I rise early the next morning and jump on the bus back to Chandigarh, hot foot it to the office and retrieve my passport. I’m back with my bike by 4pm, totally relieved and able to carry on cycling, although on the bus I decided Kathmandu was not going to happen anymore. I was disappointed, but the relief eclipsed that feeling very quickly out of my mind.

I got on the road again and put in a ginger 40km to Paonta Sahib, settled down for a nice curry dinner, then headed out the other side of town and ducked down a small footpath for a camp spot, which turned out to be the hottest, sweatiest and most unpleasant of the trip. I did have fireflies to keep my company though. And prickly heat powder, which I owe a hell of a lot to!

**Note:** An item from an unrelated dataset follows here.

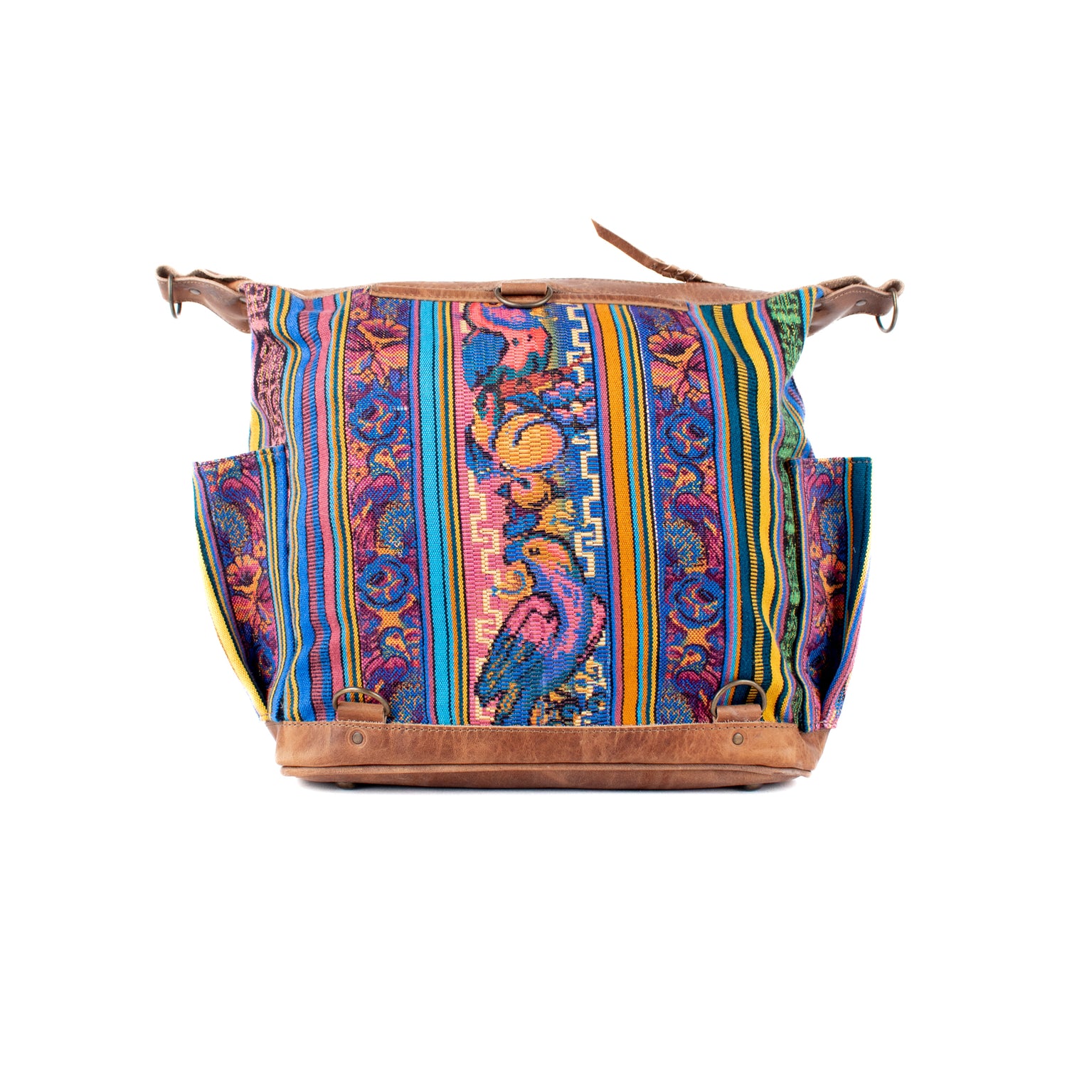 Many unique Maya symbols can be found in our One of a Kind Collection. The fabric we use for this collection is made from upcycled vintage huipiles (traditional attire worn by women in Guatemala) that were handwoven by Artisans up to 10 years ago, and they have lived a full life before being incorporated into your leather bag!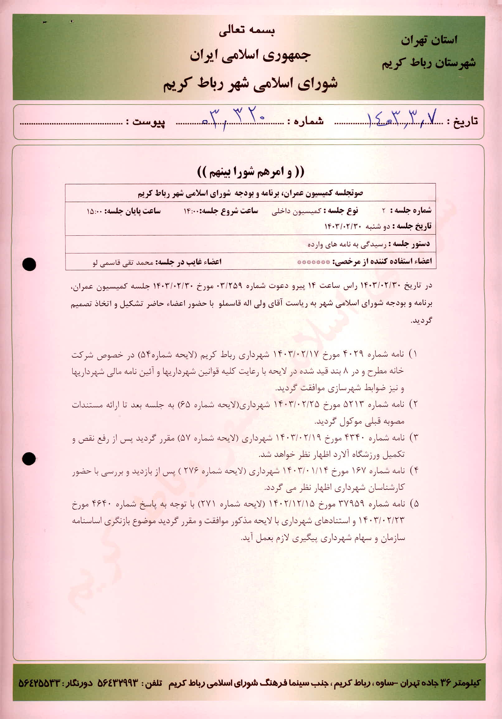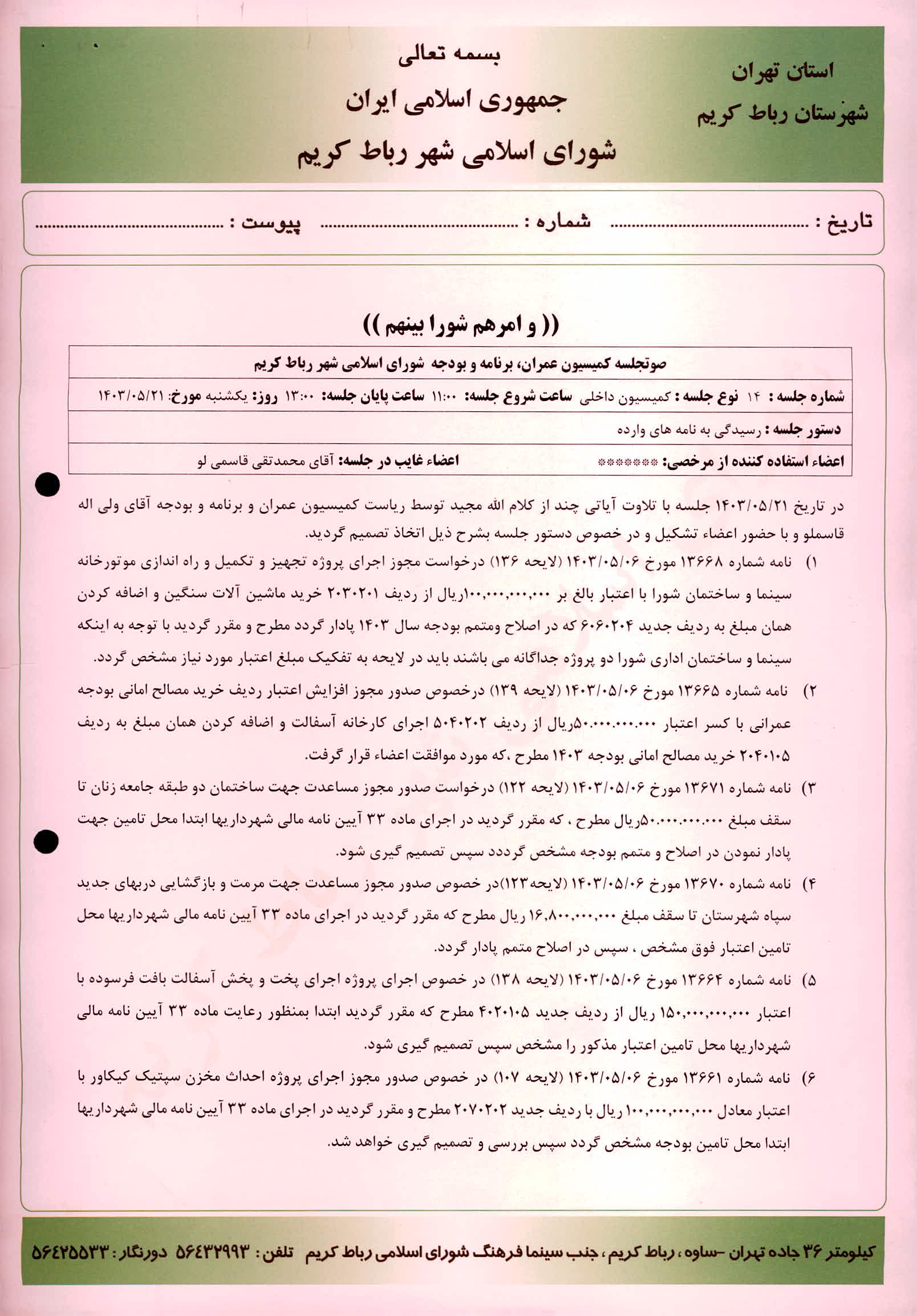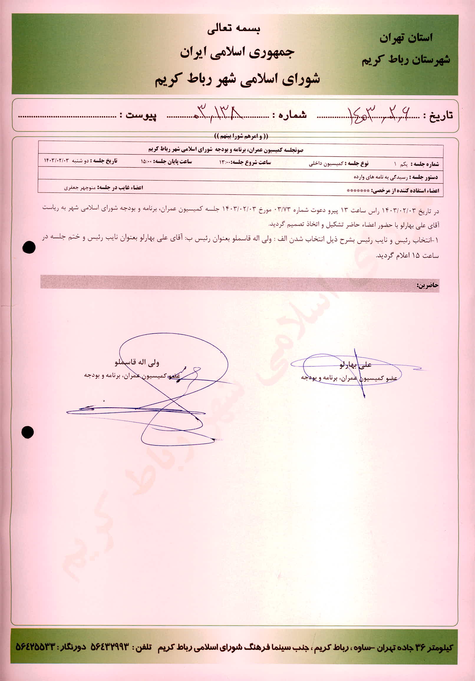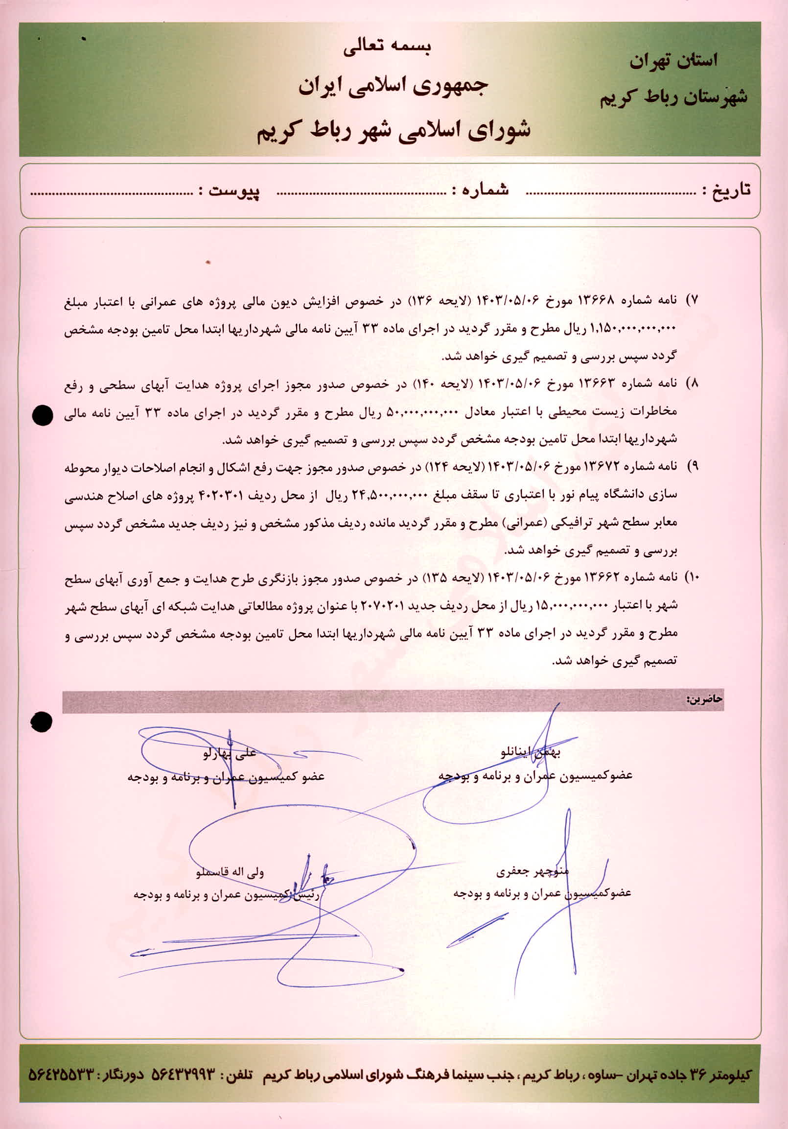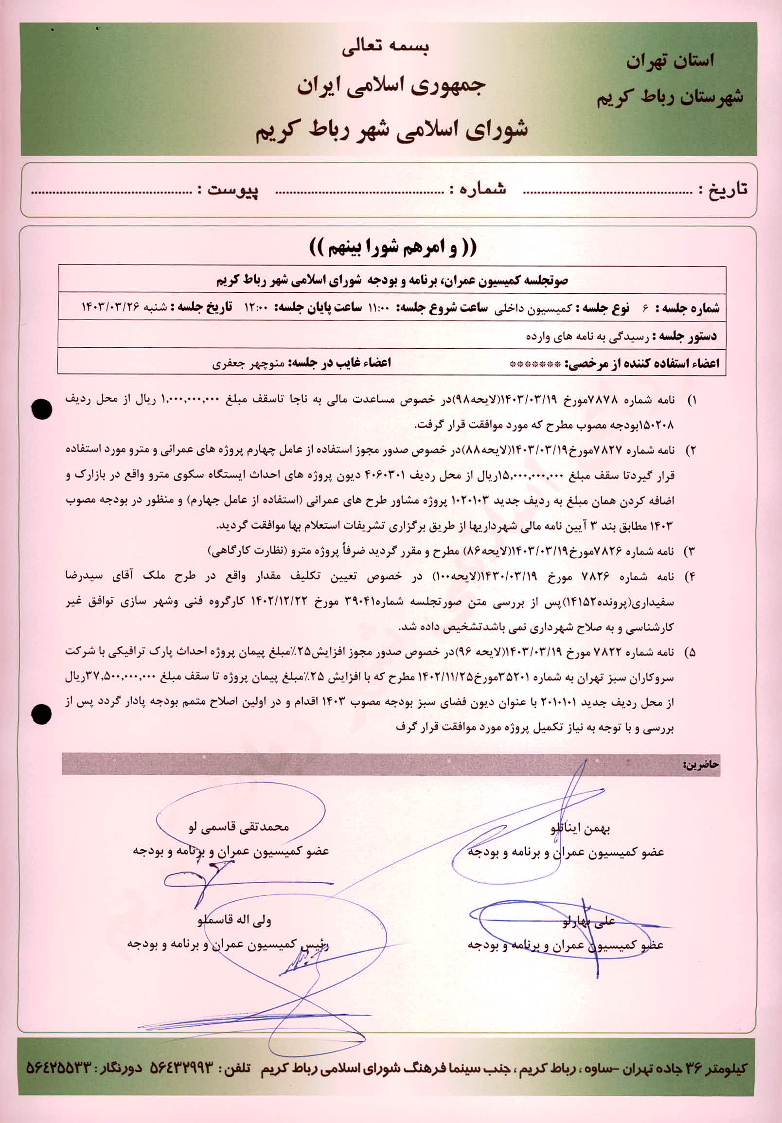 در این جلسه که با حضور مدعوین در خصوص عوارض زیر بنایی و ساختمانی شهرداری به بحث و گفتگو پرداختند.

The morning was wet and much cooler, allowing me to get off with ease despite only 45 minutes sleep. I made the decision not to go all the way to Kathmandu the day before, which meant I had reverted back to me previous plan of rnr in Rishiskesh, which was now only 85km away.

The road to Rishikesh was relatively quiet and flat, with thick jungle and a host of angry monkeys. I got chased a fair few times, and one even lunged at me. I’m not sure what they were thinking when they saw me coming – a man on a big bicycle, but I didn’t hang around to find out. I narrowly out pedalled a pack of monkeys before my childish fascination with them turned into a distinct distrust and dislike for the little buggers.

Arriving in Rishikesh there were more monkeys than people, but they were a large degree tamer than before and more keen to pick pocket your fruit. I found a small ashram near the centre that wasn’t quite what I expected – just a small room in a largely empty complex, but it did for the night while I avoided the rain and ate more curry.